[Assignment]:
Print every record exactly, but leave out the pictures.

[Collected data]

◆ ◆ ◆ ◆ ◆ ◆ ◆

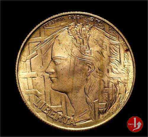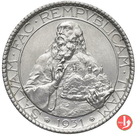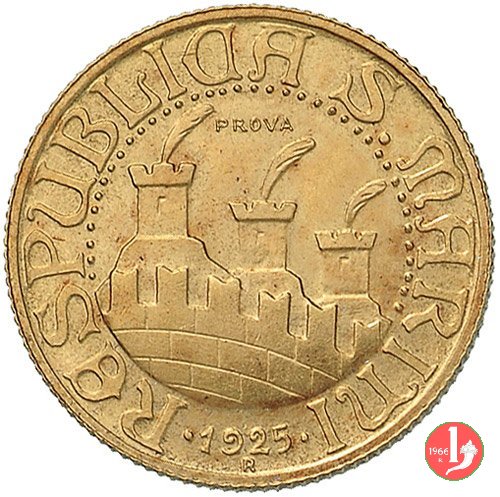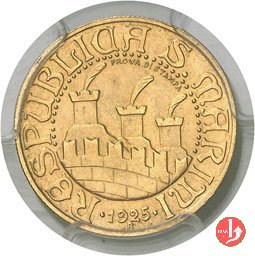 Dritto: Torri piumate all'interno di un cerchio di perline, intorno RESPVBLICA S MARINI. In basso, millesimo ( • 1925 • ) e segno di zecca (R).
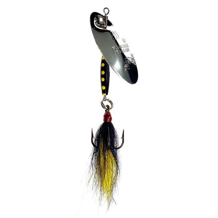 Panther Martin large bucktail spinners are made with the same design as tiny Panther Martin spinners – only bigger! These lures are highly productive for catching northern pike and musky! We’ve made the weighted bodies extra-long to keep the blade away from the hook while it’s spinning. Make long casts, retrieve steadily and cover as much water as you can. When you get a hit – HOLD ON!
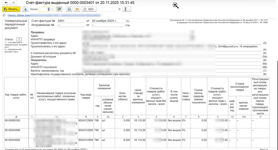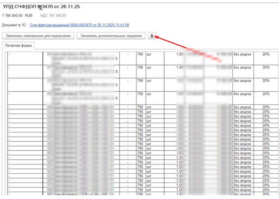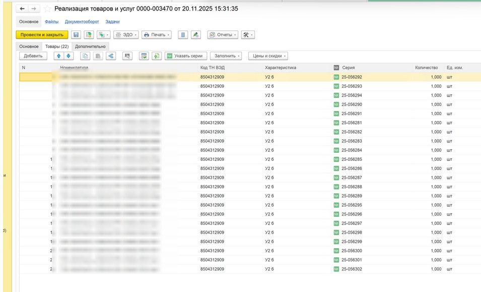 Требуется доработка через подключаемый модуль обработки диадок формирования УПД. Суть в том, что отгрузка в документе "Реализация" происходит по сериям, на каждую серию отдельная строка (см. рис.1). Нам нужно при формировании УПД сворачивать строки, т.к. как это делает печатная форма ( см. рис.2 и 3)
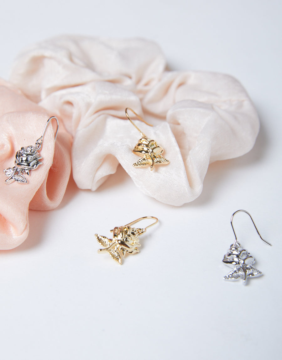 The Rose Dangle Earrings are both stylish and on-trend, and something that you need to add to your jewelry collection ASAP. Featuring a fish hook style earring and a rose charm, these earrings are dainty and feminine and perfect for day to day wear. Wear these earrings alongside some simple silver or gold studs or some Huggies if you have multiple piercings, and your look is complete.
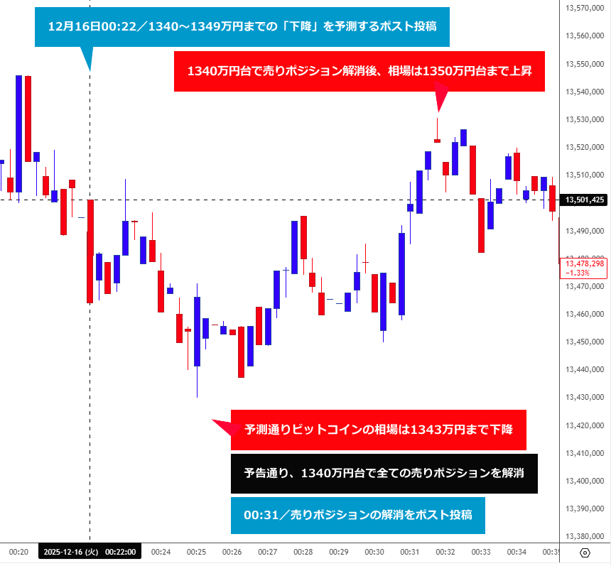 本日00時22分のポスト投稿後、BTC相場は予測通り、ポスト時点の1350万円台のレートから1340万円台まで下降する値動きとなったため、予告通り、現物レート1340万円台で全ての売りポジションを解消しました(取引損益は後ほどご報告します)https://t.co/nyK3Lx59nv
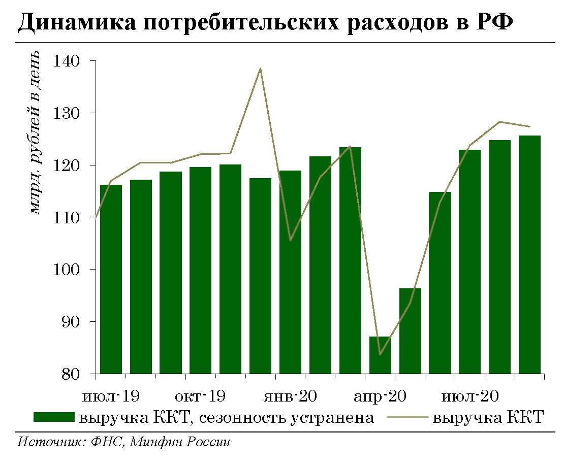 Рост социальных выплат, наряду со сдержанным влиянием кризиса на трудовые доходы поддерживают потребительскую уверенность в пост-карантинный период. Сопутствующий рост потребительского спроса содействует относительно быстрому восстановлению деловой активности в секторах, где деятельность приостанавливалась. Это создает необходимые предпосылки для восстановления занятости и снижает риски сокращения экономического потенциала в соответствующих отраслях.
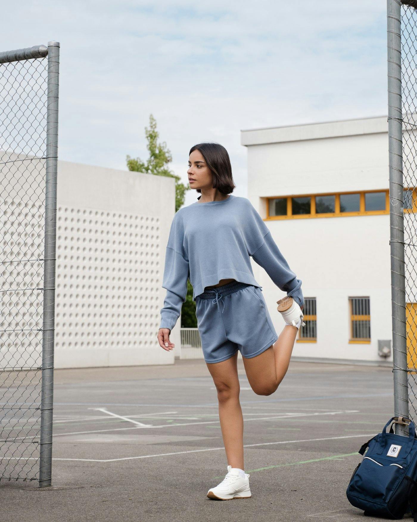 Styling-Tipp: Spiele mit Gegensätzen. Ein sportliches Oberteil wirkt mit einer Stoffhose plötzlich bürotauglich, während Sweatshorts in Taupe mit einer schicken Bluse und dezentem Schmuck einen spannenden Bruch erzeugen. Wer es minimalistisch mag, setzt auf monochrome Outfits; wer lieber auffällt, kombiniert kontrastierende Farben und auffällige Accessoires.
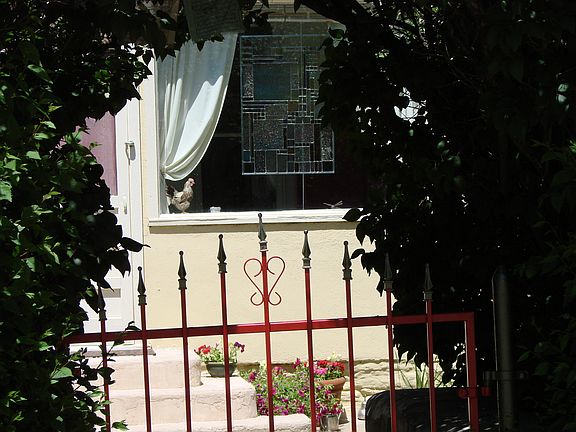 Unique stone studio, has been used as a studio/workshop/garage. Lots of shrubbery and trees for privacy. Large fenced dog run or garden. Close to downtown.
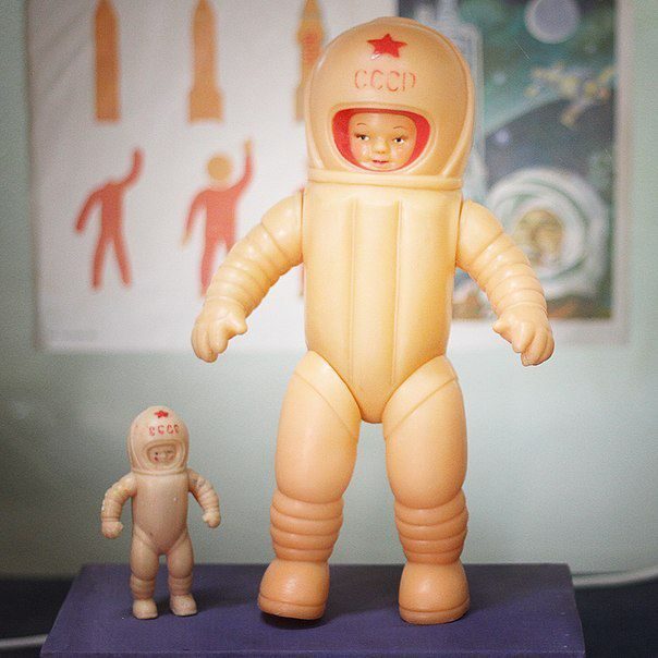 На выставке «Счастливое детство» космонавты и чудо-кукуруза возвращают на полвека назад, бумажные модели мавзолея для склеивания рассказывают о первых годах советской власти, а всем хорошо знакомый олимпийский мишка и беседка советского города-курорта Сочи – словно связывают прошлое с настоящим.

◆ ◆ ◆ ◆ ◆ ◆ ◆

[Answer to the exercise]:
 Dritto: Torri piumate all'interno di un cerchio di perline, intorno RESPVBLICA S MARINI. In basso, millesimo ( • 1925 • ) e segno di zecca (R).
 Panther Martin large bucktail spinners are made with the same design as tiny Panther Martin spinners – only bigger! These lures are highly productive for catching northern pike and musky! We’ve made the weighted bodies extra-long to keep the blade away from the hook while it’s spinning. Make long casts, retrieve steadily and cover as much water as you can. When you get a hit – HOLD ON!
 Требуется доработка через подключаемый модуль обработки диадок формирования УПД. Суть в том, что отгрузка в документе "Реализация" происходит по сериям, на каждую серию отдельная строка (см. рис.1). Нам нужно при формировании УПД сворачивать строки, т.к. как это делает печатная форма ( см. рис.2 и 3)
 The Rose Dangle Earrings are both stylish and on-trend, and something that you need to add to your jewelry collection ASAP. Featuring a fish hook style earring and a rose charm, these earrings are dainty and feminine and perfect for day to day wear. Wear these earrings alongside some simple silver or gold studs or some Huggies if you have multiple piercings, and your look is complete.
 本日00時22分のポスト投稿後、BTC相場は予測通り、ポスト時点の1350万円台のレートから1340万円台まで下降する値動きとなったため、予告通り、現物レート1340万円台で全ての売りポジションを解消しました(取引損益は後ほどご報告します)https://t.co/nyK3Lx59nv
 Рост социальных выплат, наряду со сдержанным влиянием кризиса на трудовые доходы поддерживают потребительскую уверенность в пост-карантинный период. Сопутствующий рост потребительского спроса содействует относительно быстрому восстановлению деловой активности в секторах, где деятельность приостанавливалась. Это создает необходимые предпосылки для восстановления занятости и снижает риски сокращения экономического потенциала в соответствующих отраслях.
 Styling-Tipp: Spiele mit Gegensätzen. Ein sportliches Oberteil wirkt mit einer Stoffhose plötzlich bürotauglich, während Sweatshorts in Taupe mit einer schicken Bluse und dezentem Schmuck einen spannenden Bruch erzeugen. Wer es minimalistisch mag, setzt auf monochrome Outfits; wer lieber auffällt, kombiniert kontrastierende Farben und auffällige Accessoires.
 Unique stone studio, has been used as a studio/workshop/garage. Lots of shrubbery and trees for privacy. Large fenced dog run or garden. Close to downtown.
 На выставке «Счастливое детство» космонавты и чудо-кукуруза возвращают на полвека назад, бумажные модели мавзолея для склеивания рассказывают о первых годах советской власти, а всем хорошо знакомый олимпийский мишка и беседка советского города-курорта Сочи – словно связывают прошлое с настоящим.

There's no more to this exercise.